Speed of reacting to the wake word

gekoch · April 22, 2020, 8:48am

Hy

I use Mycroft on a PI3.
When I call the wake word and I can see that the wake word is recognized in the CLI it takes 1.3 seconds till I hear the sound over my 3.5mm headphones to tell me that mycroft is listening. In some video I can see that it can react faster.
Can some one tell me if the Pi3 is the bottleneck or what can I improve?

Andy

j1nx · April 22, 2020, 9:44am

If you run the command;

pactl list sinks

What is the latency saying of your audio device?

gekoch · April 22, 2020, 9:46am

0.78seconds

State: IDLE
        Name: alsa_output.platform-soc_audio.analog-mono
        Description: Built-in Audio Analog Mono
        Driver: module-alsa-card.c
        Sample Specification: s16le 1ch 48000Hz
        Channel Map: mono
        Owner Module: 7
        Mute: no
        Volume: mono: 51773 /  79% / -6.14 dB
                balance 0.00
        Base Volume: 56210 /  86% / -4.00 dB
        Monitor Source: alsa_output.platform-soc_audio.analog-mono.monitor
        Latency: 782805 usec, configured 1365333 usec
        Flags: HARDWARE HW_MUTE_CTRL HW_VOLUME_CTRL DECIBEL_VOLUME LATENCY
        Properties:
                alsa.resolution_bits = "16"
                device.api = "alsa"
                device.class = "sound"
                alsa.class = "generic"
                alsa.subclass = "generic-mix"
                alsa.name = "bcm2835 ALSA"
                alsa.id = "bcm2835 ALSA"
                alsa.subdevice = "0"
                alsa.subdevice_name = "subdevice #0"
                alsa.device = "0"
                alsa.card = "0"
                alsa.card_name = "bcm2835 ALSA"
                alsa.long_card_name = "bcm2835 ALSA"
                alsa.driver_name = "snd_bcm2835"
                device.bus_path = "platform-soc:audio"
                sysfs.path = "/devices/platform/soc/soc:audio/sound/card0"
                device.form_factor = "internal"
                device.string = "hw:0"
                device.buffering.buffer_size = "131072"
                device.buffering.fragment_size = "131072"
                device.access_mode = "mmap+timer"
                device.profile.name = "analog-mono"
                device.profile.description = "Analog Mono"
                device.description = "Built-in Audio Analog Mono"
                alsa.mixer_name = "Broadcom Mixer"
                module-udev-detect.discovered = "1"
                device.icon_name = "audio-card"
        Ports:
                analog-output: Analog Output (priority: 9900)
        Active Port: analog-output
        Formats:
                pcm

j1nx · April 22, 2020, 9:52am

Removing the timebased schedular might bring it down.

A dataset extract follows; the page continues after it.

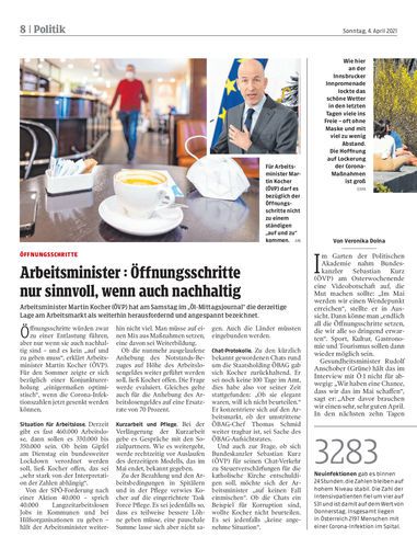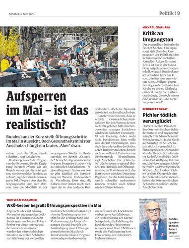 Bundeskanzler Kurz stellt Öffnungsschritte im Mai in Aussicht. Doch Gesundheitsminister Anschober hängt ein lautes „Aber“ dran.
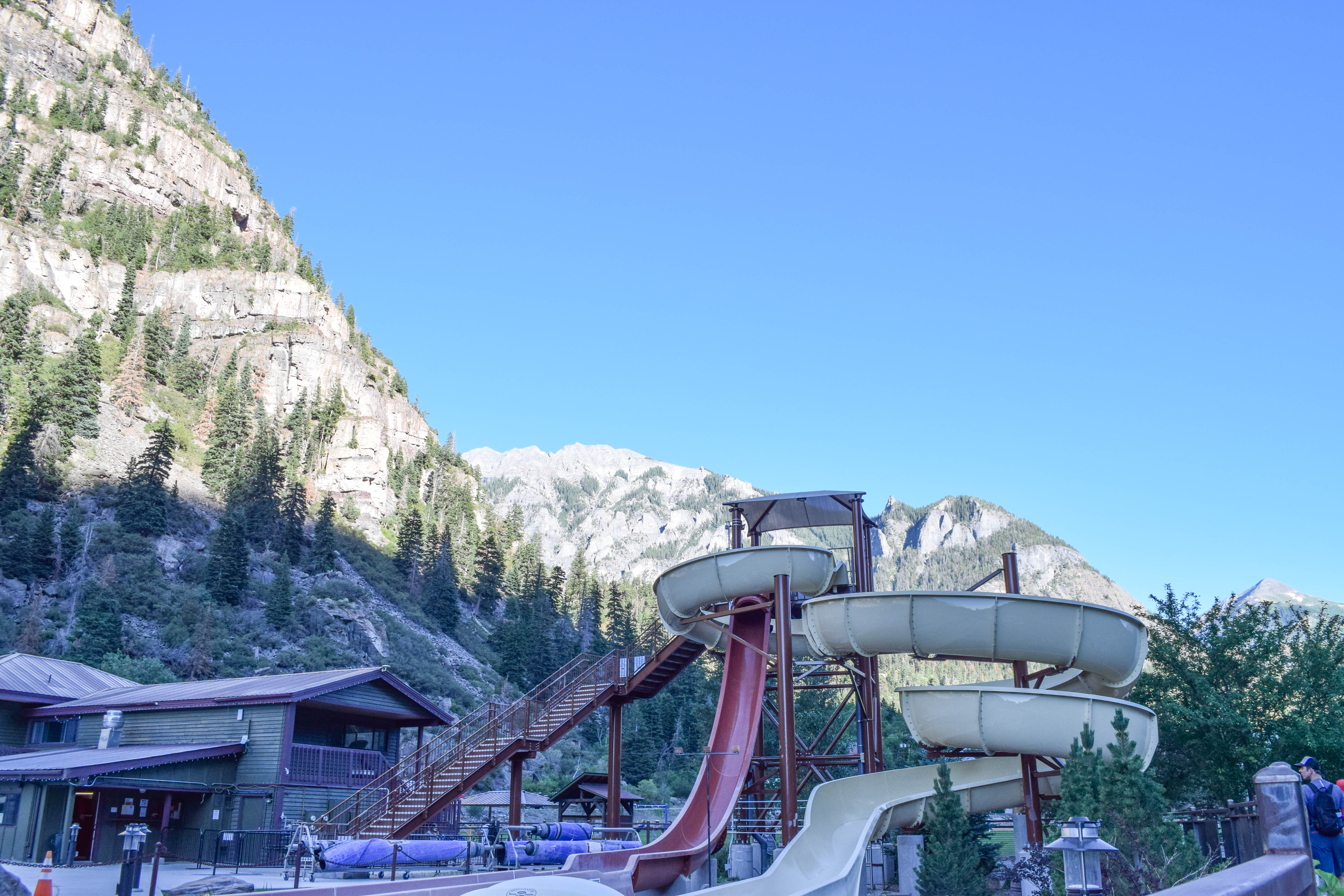 Once you arrive to Ouray, you’ll be at a bit lower altitude and enter the town of hot springs with a water slide!

Edit your /etc/pulse/default.pa and find;

load-module module-udev-detect

Replace it with this;

load-module module-udev-detect tsched=0

Might need a reboot for easy to get these setting applied. That might bring the latency down.

There is more ttweaking you can do, but is a bit of try and error;

gekoch · April 22, 2020, 9:58am

wohoo nice => 0.098s
Latency: 98142 usec, configured 99954 usec

Now it is much snappier. Still the answers take some time but it feels much better now

j1nx · April 22, 2020, 10:00am

The answers need to come from external server, so nothing you can do there.

gekoch · April 22, 2020, 10:02am

yeah exactly maybe in the future mycroft can already start talking while the info from the internet is delivered so there is not that “huge” waiting time

j1nx · April 22, 2020, 11:16am

For the Mark-2 they make use of the streaming TTS of google. You could do that yourself as well, but requires a API key.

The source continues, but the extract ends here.